Taupier à Val-d’Arc (73220)
Intervention professionnelle ou piégeage autonome — Savoie
Le piège Putange est utilisé depuis 300 ans par les taupiers professionnels. Sur les sols moraines et alluvions alpins de la Savoie, son métal vieilli dans la terre locale neutralise les odeurs et affiche un taux de capture supérieur à 90%.
Calendrier taupinière — Val-d’Arc
📅 La saison démarre vers mi-mars dans votre secteur.
Les 15 jours de gel annuels ralentissent l'activité souterraine sans l'interrompre totalement. La forte pluviométrie (1320 mm/an) maintient le sol meuble toute l'année, créant des conditions idéales pour le creusement permanent des galeries. Le pic printanier démarre progressivement avec le réchauffement du sol, généralement vers la mi-mars. L'activité est régulière dans ce secteur. Une surveillance hebdomadaire des taupinières en saison permet d'agir avant que les galeries ne s'étendent à l'ensemble du terrain.
Éliminer les taupes à Val-d’Arc
La technique Putange est particulièrement adaptée à Savoie : le métal du piège est vieilli dans la terre locale avant livraison, neutralisant les odeurs humaines et métalliques détectables par les taupes à plusieurs mètres.
Le terrain à Val-d’Arc
Val-d'Arc, c'est le paradoxe alpin que j'affronte chaque saison : une nappe profonde à 200 centimètres qui gèle à peine l'hiver — seulement 15 jours de gel — mais qui se sature dès octobre avec les 1320 millimètres de pluie annuelle. Les taupes ici ne creusent pas par besoin hydrique constant ; elles creusent par cycles. Automne : les galeries s'élargissent après les orages qui détrempen les moraines alpines. Printemps : nouvelle poussée, février-mars. Ce que les taupiers du plateau ignorent, c'est qu'à Val-d'Arc, le sol gelé n'existe presque pas — donc pas de refuge haut comme ailleurs. Les taupes demeurent actives, mais superficiellement, à 35-45 centimètres. C'est ici que le piège Putange révèle toute son efficacité : intercepter cette circulation médiane, pas la profonde.

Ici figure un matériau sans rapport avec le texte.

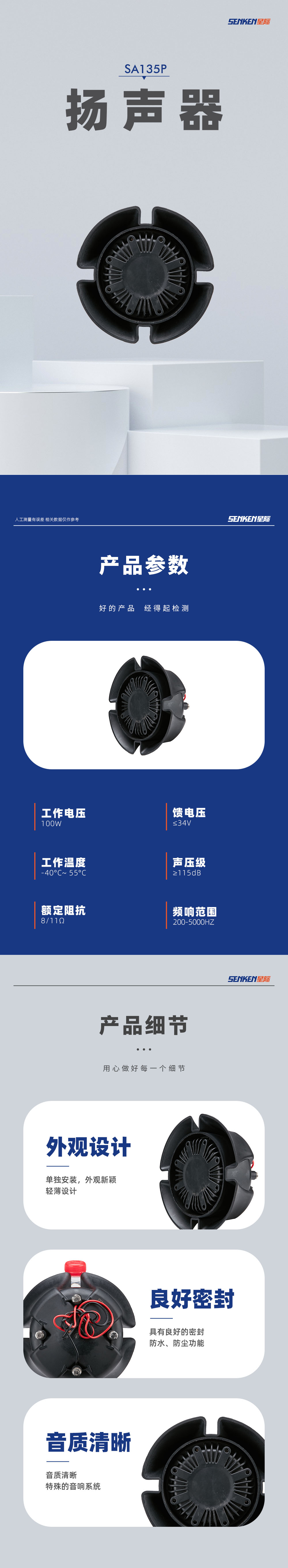 SA135P扬声器是一种新开发的超薄产品。它可以单独安装,外观新颖,音质清晰,和特殊的音响系统。具有良好的密封、防水、防尘功能。
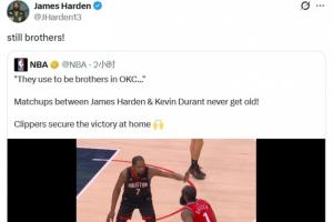 以上内容便是关于《NBA官推称哈登与杜兰特在OKC曾是兄弟 哈登转发:现在仍是兄弟!》的完整梳理,希望为您提供清晰、实用的参考,更多详情欢迎持续关注本站。
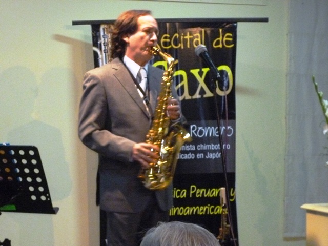 Chimbotenlinea.com(Redacción Central).- La noche del viernes, el Centro Cultural Centenario, recibió a más de un centenar de personas que se congregaron para presenciar en vivo el primer recital de saxo ofrecido en nuestra ciudad. Lo singular es que se trató de un talentoso músico chimbotano, ahora radicado en Japón, que deleitó con sus interpretaciones y se ganó el corazón del público asistente por su sencillez y calidez humana.
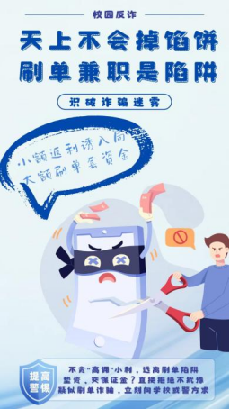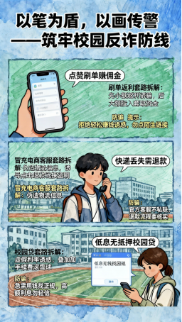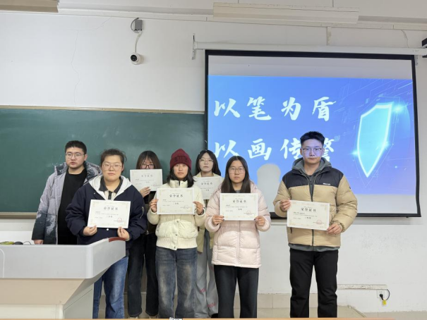 大赛以“反诈”为核心主题,聚焦电信诈骗、网络诈骗等高发类型展开创作,要求参赛者以手绘或电脑设计形式进行创作,作品需融入指定反诈元素并严守原创原则。而这一创作的过程,本身就是一场沉浸式的反诈学习:无论是独自构思的巧思,还是与同窗协作的火花,每一幅海报都成为拆解诈骗手段的生动载体,也让创作者在构思与落笔间,完成了一次反诈认知的自我深化,既梳理了反诈知识体系,更筑牢了防骗思想防线。通过这样的形式,学院也让学生从反诈知识的“被动倾听者”转变为“主动传播者”,让安全教育真正入脑入心。
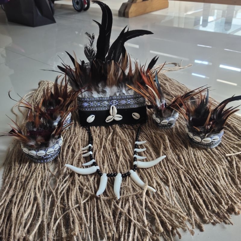Satu Set Kostum Adat pedalaman Papua Tari dan Karnaval Mahkota ikat kepala bulu Set rok ABT
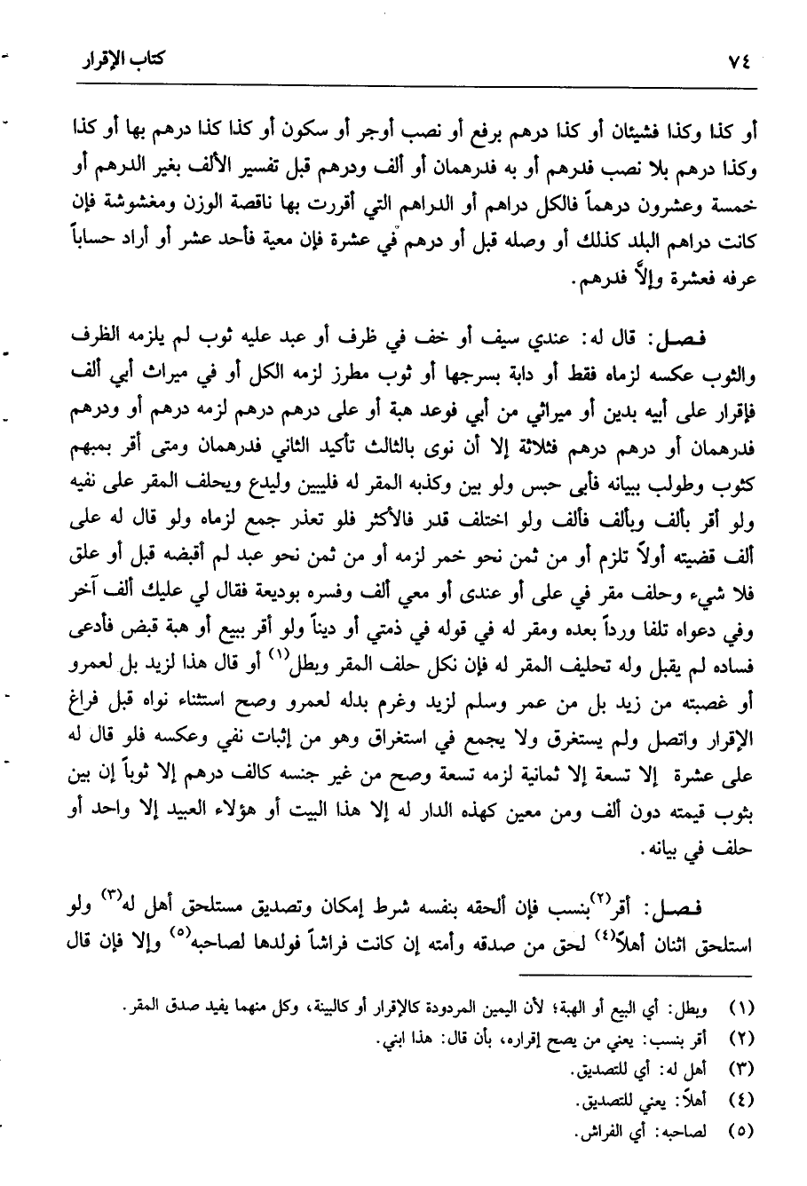 فصل: لو قال: عندي سيف أو خف في ظرف أو عبد عليه ثوب لم يلزمه الظرف والثوب أو عكسه لزماه فقط أو دابة بسرجها أو ثوب مطرز لزمه الكل أو في ميراث أبي ألف فإقرار على أبيه بدين أو ميراثي من أبي فوعد هبة أو على درهم درهم لزمه درهم أو ودرهم فدرهمان أو ودرهم ودرهم فثلاثة إلا إن نوى بالثالث تأكيد الثاني فدرهمان ومتى أقر بمبهم كثوب وطولب ببيانه فأبى حبس ولو بين وكذبه المقر له فليبين وليدع ويحلف المقر على نفيه ولو أقر بألف وبألف فألف ولو اختلف قدر فالأكثر فلو تعذر جمع لزماه ولو قال: له على ألف قضيته أو لا تلزم أو من ثمن نحو خمر لزمه أو من ثمن عبد لم أقبضه قبل أو علق فلا شيء وحلف مقر في علي أو عندي أو معي ألف وفسره بوديعة فقال: لي عليك ألف آخر وفي دعواه تلفا أوردا بعده ومقر له في قوله في ذمتي أو دينا ولو أقر ببيع أو هبة وقبض فيها فادعى فساده لم يقبل وله تحليف المقر له فإن نكل حلف المقر وبطل1 أو قال: هذا لزيد بل لعمرو أو غصبته من زيد بل من عمر وسلم لزيد وغرم بدله لعمرو وصح استثناء نواه قبل فراغ الإقرار واتصل ولم يستغرق ولا يجمع في استغراق وهو من إثبات نفي وعكسه فلو قال: له علي عشرة إلا تسعة إلا ثمانية لزمه تسعة وصح من غير جنسه كألف درهم إلا ثوبا إن بين بثوب قيمته دون ألف وصح من معين كهذه الدار له إلا هذا البيت أو هؤلاء العبيد له إلا واحدا وحلف في بيانه.
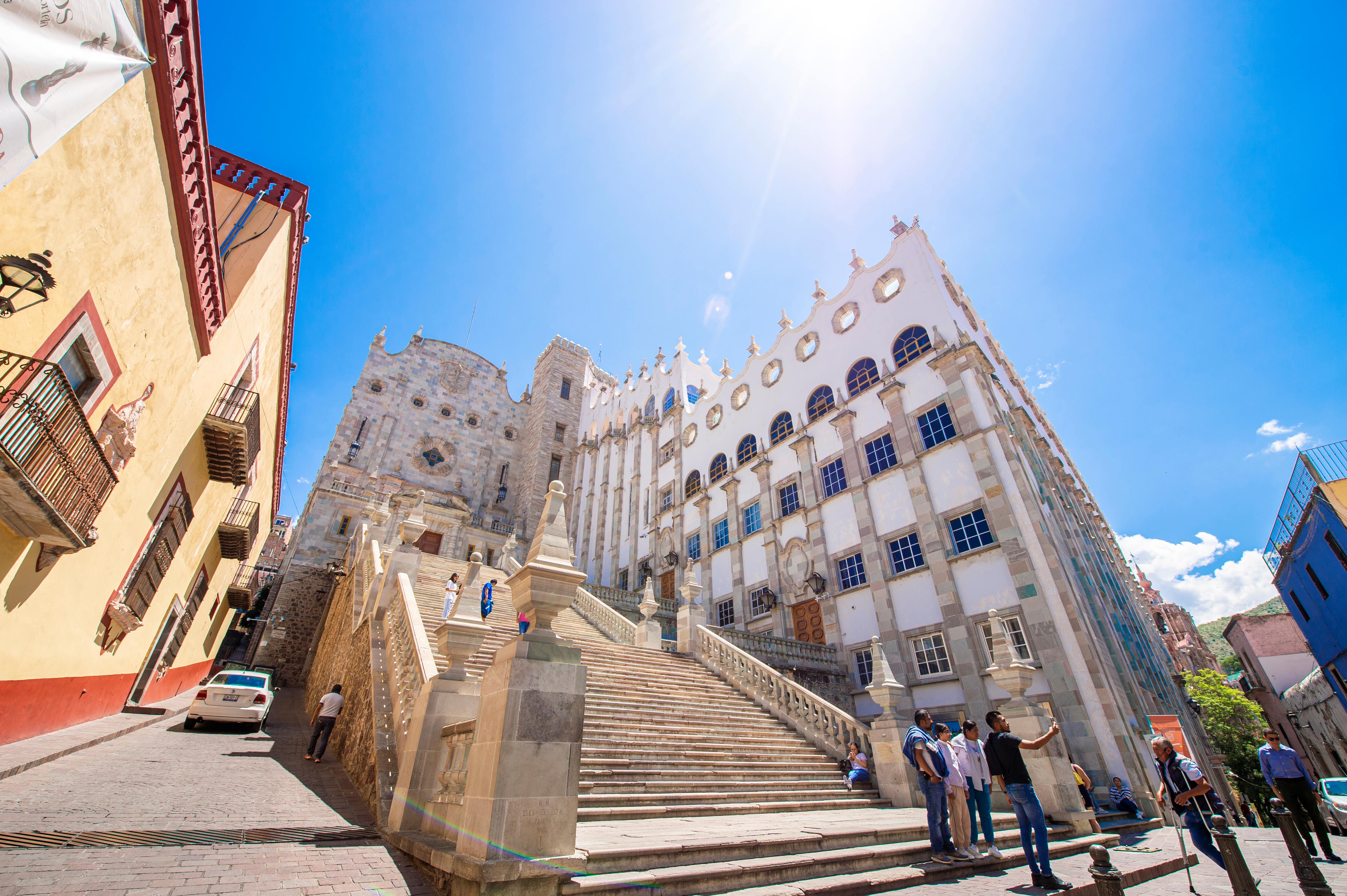 Visitaremos el Teatro Juárez, la Universidad de Guanajuato, la Basílica, la Plaza de la Paz, el Palacio de los Poderes, y el museo de Diego Rivera. Conoceremos el famoso Callejón del Beso, el Mercado Hidalgo y la Alhóndiga de Granaditas.

Diagnostic de pose — Val-d’Arc
L'erreur courante ? Creuser à 60 centimètres comme en Bourgogne. À Val-d'Arc, sur ces moraines alluviales mal consolidées, vous franchissez le étage actif des taupes et vous fichez le piège trop bas. Ce que j'observe ici : février-mars, les galeries majeures courent à 40 centimètres, suivant la limite de saturation édaphique — exactement où le sol passe du gorgé à l'aéré. Installez le piège Putange à 38-42 centimètres, légèrement oblique face à la pente (nord-sud prioritaire, car le relief canalisé les déplacements). Timing critique : poser après un jour d'humidité (jeudi-vendredi post-pluie). Les 12 exploitations bovines alentour créent une pression régulière, mais discontinue — pas de tunnels permanents comme en prairie permanente.
Val-d'Arc doit sa structure agricole aux défrichements savoyards du XIIe siècle. L'élevage allaitant s'y est implanté parce que la moraine alpine y drainait mal — prairies humides, naturelles, faiblement mécanisables. Ces 12 fermes, descendants directs de cette économie de versant, maintiennent cette pression taupinière régulière. Le sol, jamais totalement sec, jamais gelé profond.
« Pourquoi les taupes reviennent après le piégeage en mai ? » Ici, c'est simple : la nappe remonte en juin, saturant le sol. Avril-mai, vous créez un appel — une galerie à peine vidée se repeuple immédiatement. Attendez mi-juin pour travailler les zones alpines de Val-d'Arc. Les taupes migreront ailleurs vers la nappe émergente. Revérifiez fin juillet seulement.